196 abonnés 1 591 critiques Suivre son activité

2,5
Publiée le 10 mai 2026
Je me réjouissais de voir Meryl Streep, Stanley Tucci et même Anne Hathaway reprendre leurs rôles iconiques. Mais le charme s’est vite estompé : la trajectoire d’Andy est totalement incohérente, balayant d’un revers de main son évolution et ses principes. Le film esquisse une critique du milieu de la mode et de la bourgeoisie new-yorkaise, mais elle reste superficielle et se retrouve totalement annihilée par la platitude du scénario. Enfin, malgré l’élégance des lieux et des tenues, on déplore une absence d’originalité et d’élégance dans la réalisation. Un retour qui, malgré son casting cinq étoiles, ne parvient jamais à se hisser à la hauteur de l'original.
Rideau sur l'Écran
Rideau sur l'Écran

102 abonnés 237 critiques Suivre son activité

2,0
Publiée le 19 mai 2026
Vingt ans après, revoir Meryl Streep avancer d'un pas souverain dans les couloirs de Runway procure un plaisir immédiat, presque pavlovien. Le quatuor d'origine est au complet, et le film le sait très bien. Trop, peut-être. Car une fois l'euphorie des retrouvailles retombée, le scénario tourne en rond : les clins d'œil au premier opus s'accumulent sans jamais dessiner leur propre trajectoire, les scènes s'enchaînent sans logique apparente et l'ensemble finit par s'essouffler. Le potentiel était pourtant réel : spoiler: la crise de la presse, le journalisme sous pression, les attitudes de Miranda relues à l'aune d'une époque moins complaisante avec le pouvoir toxique
auraient pu nourrir une satire féroce. Las, on en ressort avec un produit marketé assez oubliable.
Selingues G
Selingues G

98 abonnés 1 005 critiques Suivre son activité

3,0
Publiée le 28 juillet 2026
Alors nous avions toutes et tous envie de retrouver les acteurs et le monde qui tourne autour du premier volet.
Malgré cette envie, le résultat de ce second volet est décevant car même si on ne peut enlever le talent de Meryl Streep qui incarne à merveille Miranda Priestly mais le scénario est trop léger.

Les scènes s’enchainent sans consistances et sentent un peu le réchauffé.
On a dû mal à retrouver la même énergie de ce second volet.

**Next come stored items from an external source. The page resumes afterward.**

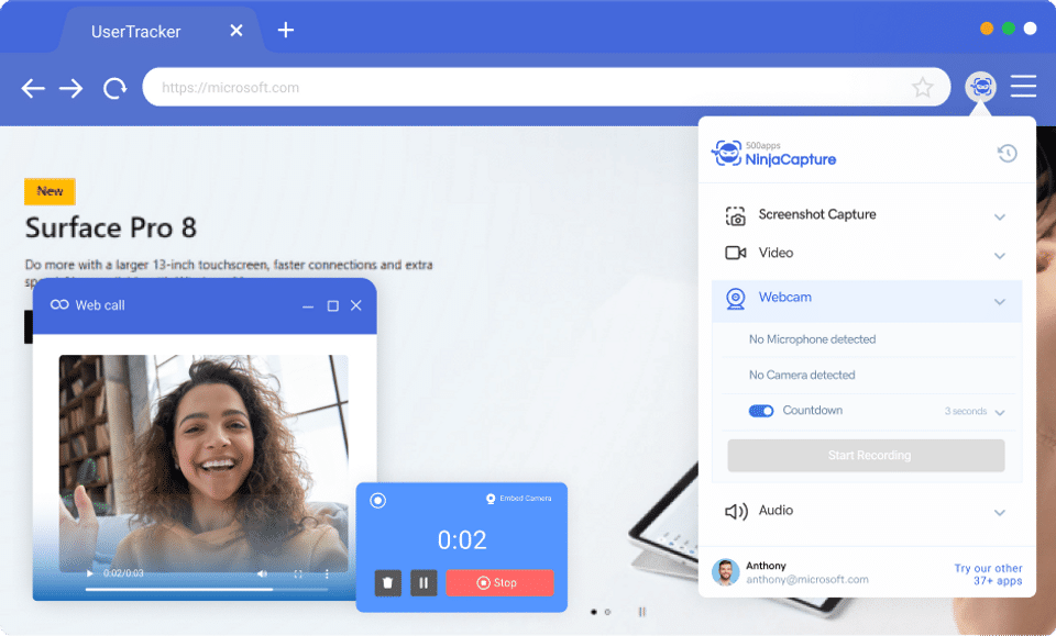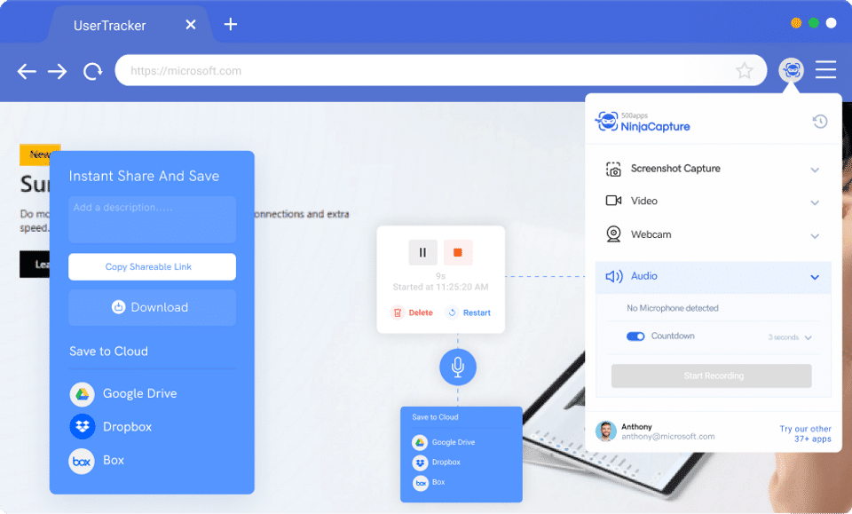 NinjaCapture by 500apps is the Screen Recording Software used for the below functionalities.
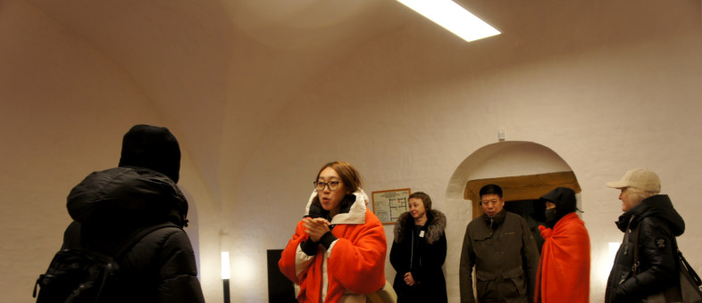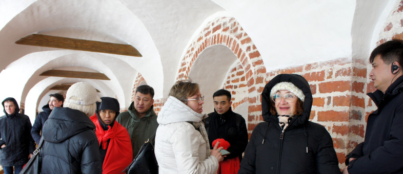 Первым объектом показа стали крепостные стены XVII века. Экскурс в историю создания и реставрации фортификационных сооружений гостям из Китая сделала экскурсовод первой категории Кирилло-Белозерского музея-заповедника Ольга Кузьмичева. Туроператоров поразили виды, открывающиеся с высоты птичьего полета; заинтересовал интерьер Казанской башни и большеразмерный кирпич (30-32 см * 14-16 см * 7-9 см), из которого строили стены крепости.
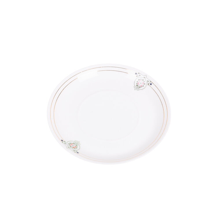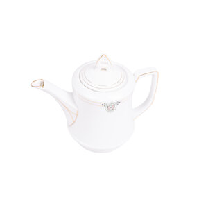 Theeservies, 20-delig. Theeservies met een witte basiskleur en versieringen in goud, roze en groen. Het servies bestaat uit een theepot, suikerpot, melkkannetje, kom, 8 kopjes en 8 schotels. Bovenop de deksels zitten decoratieve handvatten. Datering onbekend. Conditie: het servies vertoont sporen van gebruik, de gouden lijnen zijn hier en daar vervaagd. Afmetingen: theepot ca. 16 x 18 x 10 cm; suikerpot ca. 11,5 x 13 x 9 cm; melkkan ca. 9 x 11 x 7 cm; kom ca. 6,5 x Ø12 cm; kopje ca. 4,5 x 7,5 x 9,5 cm; schotel ca. 1,5 x Ø13 cm.
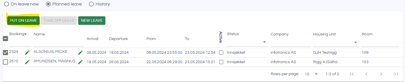Activating/putting a booking on leave is done from the Planned leave view. Putting bookings on leaves can only be done within the leave period.
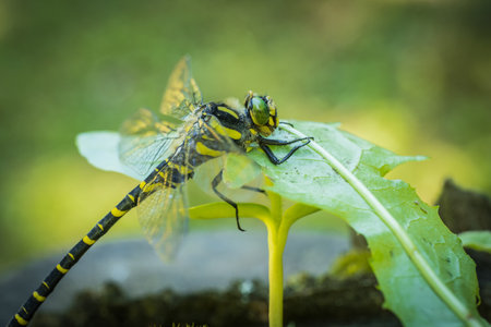 Ophiogomphus cecilia. Dragonfly on the green leave

Il ne reste plus que les défilés, quelques répliques bien senties et la nostalgie du premier.
Sinon rien de nouveau dans le monde de la mode.
24titouille
24titouille

62 abonnés 1 062 critiques Suivre son activité

3,5
Publiée le 24 mai 2026
Pour cette suite de l'excellent film du même nom de 2009, nous retrouvons les acteurs originaux pour de nouvelles aventures du magazine de mode Runway. Les scénaristes et le réalisateurs n'ont pas figés dans le temps le magazine, puisque le film aborde la numérisation, la consommation et le métier de journaliste de façon moderne. Voici donc pour le décor, puis on s'attaque aux personnages qui eux aussi ont évolués ces 20 dernières années, y compris Miranda Priesley personnage central et le plus périeux à aborder. Au delà de son côté tyran, le film la met en scène de façon plus humaine que le premier ( le fait que l'on voit son mari apparaître plus, y compris avec plus de dialogues aide le réalisateur ). Elle reste une femme d'affaire, d'ailleurs redoutable. Andy Sax et Nigel sont aussi de retour, l'une ayant beaucoup plus évoluée que le second, mais cette opposition d'évolution accentue encore plus la psychologie des personnages annexes ainsi que l'éditorial du magazine Runaway. L'intrigue va se porter sur l'évolution de l'éditorial du magazine au travers des personnages entre tradition et évolution spoiler: ( à marche forcée ) quitte à remplacer tout le monde, y compris Miranda Priesley.

On l'aura compris ce sont donc encore les personnages qui feront le ciment du film, et de ce point de vue, c'est un plaisir de les retrouver avec leurs évolutions et leurs ambitions, même si l'intrigue plutôt prévisible manque cruellement de suspense ce qui aurait ajouté un peu plus de tension au film et de corps à la réalisation.
Les studios hollywoodiens nous offre une suite tout de même à la hauteur et très plaisante à regarder. On ne sort pas déçu.